**WHAT YOU HAVE TO DO**
Would you return the listing exactly as written, apart from its pictures?

**DATA EXCERPT**

*****

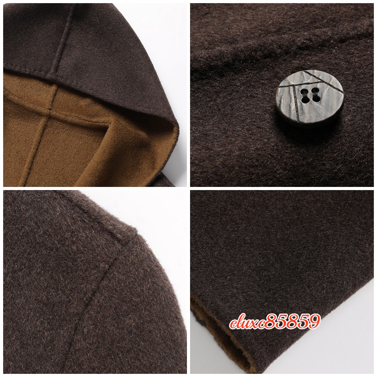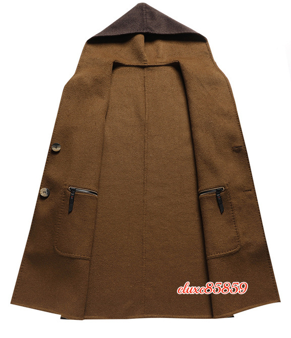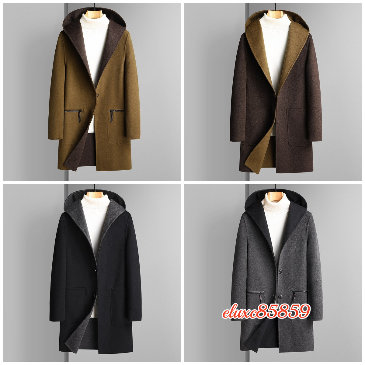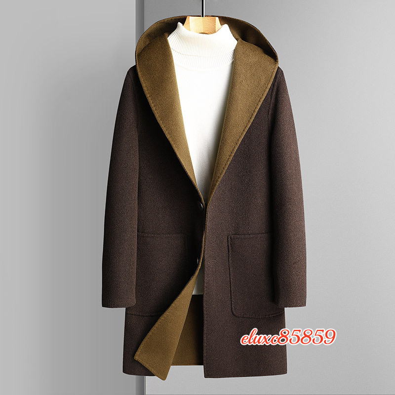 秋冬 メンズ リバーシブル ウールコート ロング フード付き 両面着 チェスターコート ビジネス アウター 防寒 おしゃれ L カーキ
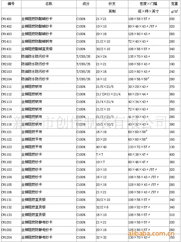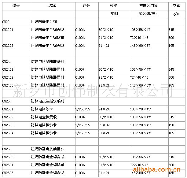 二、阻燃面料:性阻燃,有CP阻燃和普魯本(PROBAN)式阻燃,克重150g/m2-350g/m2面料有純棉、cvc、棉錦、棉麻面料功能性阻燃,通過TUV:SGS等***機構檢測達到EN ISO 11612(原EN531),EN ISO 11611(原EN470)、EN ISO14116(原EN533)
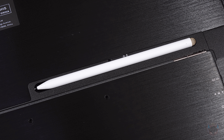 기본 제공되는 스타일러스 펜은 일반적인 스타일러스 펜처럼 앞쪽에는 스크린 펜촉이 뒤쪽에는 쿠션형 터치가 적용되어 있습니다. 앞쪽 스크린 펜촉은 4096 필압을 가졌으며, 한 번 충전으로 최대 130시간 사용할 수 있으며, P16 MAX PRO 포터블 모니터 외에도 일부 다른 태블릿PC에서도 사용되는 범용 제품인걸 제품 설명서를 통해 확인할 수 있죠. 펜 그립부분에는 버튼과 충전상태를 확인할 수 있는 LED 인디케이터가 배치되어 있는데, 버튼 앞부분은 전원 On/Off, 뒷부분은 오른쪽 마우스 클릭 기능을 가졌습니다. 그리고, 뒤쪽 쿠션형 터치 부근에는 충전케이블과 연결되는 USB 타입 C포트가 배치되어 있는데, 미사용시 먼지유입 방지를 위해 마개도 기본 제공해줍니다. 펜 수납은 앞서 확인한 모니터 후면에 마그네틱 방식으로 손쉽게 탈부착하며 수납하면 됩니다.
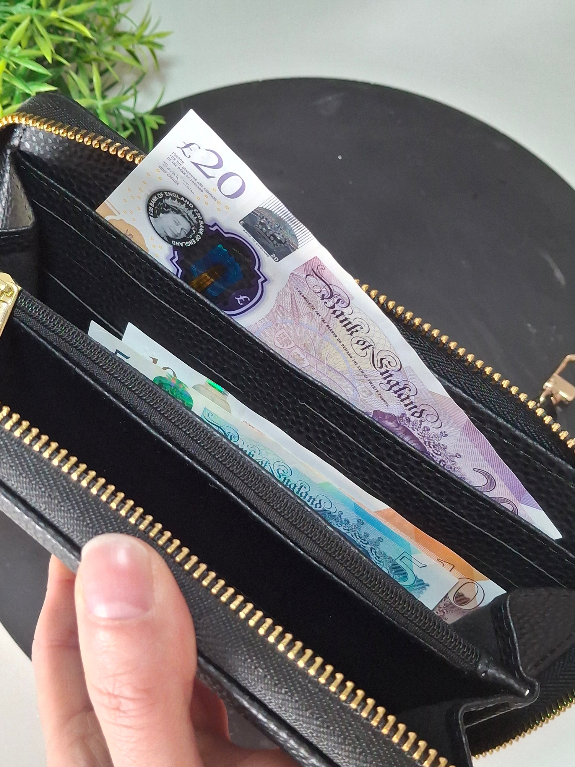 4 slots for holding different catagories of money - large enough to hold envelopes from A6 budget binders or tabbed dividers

*****

**ANSWER SECTION**
 秋冬 メンズ リバーシブル ウールコート ロング フード付き 両面着 チェスターコート ビジネス アウター 防寒 おしゃれ L カーキ
 二、阻燃面料:性阻燃,有CP阻燃和普魯本(PROBAN)式阻燃,克重150g/m2-350g/m2面料有純棉、cvc、棉錦、棉麻面料功能性阻燃,通過TUV:SGS等***機構檢測達到EN ISO 11612(原EN531),EN ISO 11611(原EN470)、EN ISO14116(原EN533)
 기본 제공되는 스타일러스 펜은 일반적인 스타일러스 펜처럼 앞쪽에는 스크린 펜촉이 뒤쪽에는 쿠션형 터치가 적용되어 있습니다. 앞쪽 스크린 펜촉은 4096 필압을 가졌으며, 한 번 충전으로 최대 130시간 사용할 수 있으며, P16 MAX PRO 포터블 모니터 외에도 일부 다른 태블릿PC에서도 사용되는 범용 제품인걸 제품 설명서를 통해 확인할 수 있죠. 펜 그립부분에는 버튼과 충전상태를 확인할 수 있는 LED 인디케이터가 배치되어 있는데, 버튼 앞부분은 전원 On/Off, 뒷부분은 오른쪽 마우스 클릭 기능을 가졌습니다. 그리고, 뒤쪽 쿠션형 터치 부근에는 충전케이블과 연결되는 USB 타입 C포트가 배치되어 있는데, 미사용시 먼지유입 방지를 위해 마개도 기본 제공해줍니다. 펜 수납은 앞서 확인한 모니터 후면에 마그네틱 방식으로 손쉽게 탈부착하며 수납하면 됩니다.
 4 slots for holding different catagories of money - large enough to hold envelopes from A6 budget binders or tabbed dividers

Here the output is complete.